[[ Data shown open ]]

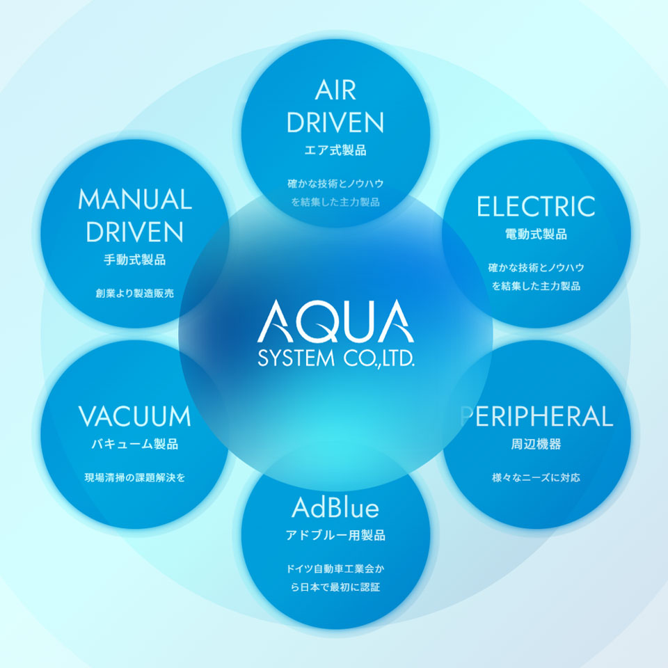 圧縮エアを利用した技術で液体移送、モーターを駆動する商品が得意です。電気を使わず、防爆地域で安全に利用できる商品を数多く取りそろえ、ポンプ・エアのコアテクノロジーを基に、安全な現場作業のお手伝いをいたします。
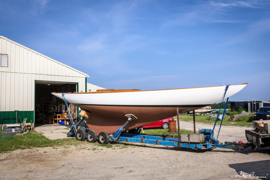 Invader was built in 1930 by Wm. Fife III. She was lost in The Hudson River in the 1960s while under tow. In 2013, unable to find an 8 Meter suitable for restoration, Hunt Lawrence commissioned Wooden Boatworks to recreate Invader. She was launched in 2015.
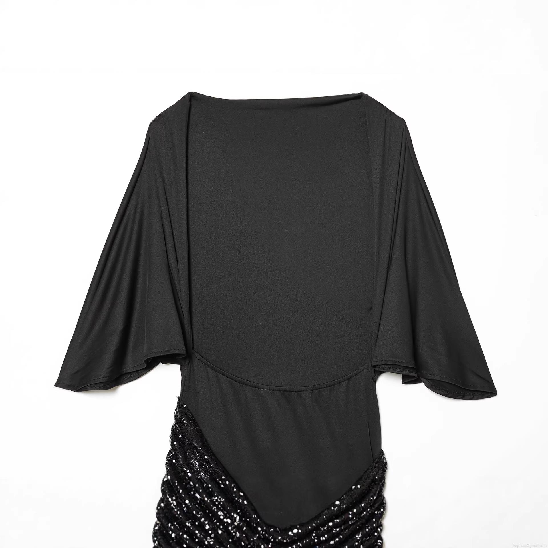 Solid Color, Asymmetric, Sequin Decoration, Batwing Sleeves

[[ Data shown closed ]]

[The problem]
Set down the material above exactly as it reads, but not its pictures.

[Your response]
 圧縮エアを利用した技術で液体移送、モーターを駆動する商品が得意です。電気を使わず、防爆地域で安全に利用できる商品を数多く取りそろえ、ポンプ・エアのコアテクノロジーを基に、安全な現場作業のお手伝いをいたします。
 Invader was built in 1930 by Wm. Fife III. She was lost in The Hudson River in the 1960s while under tow. In 2013, unable to find an 8 Meter suitable for restoration, Hunt Lawrence commissioned Wooden Boatworks to recreate Invader. She was launched in 2015.
 Solid Color, Asymmetric, Sequin Decoration, Batwing Sleeves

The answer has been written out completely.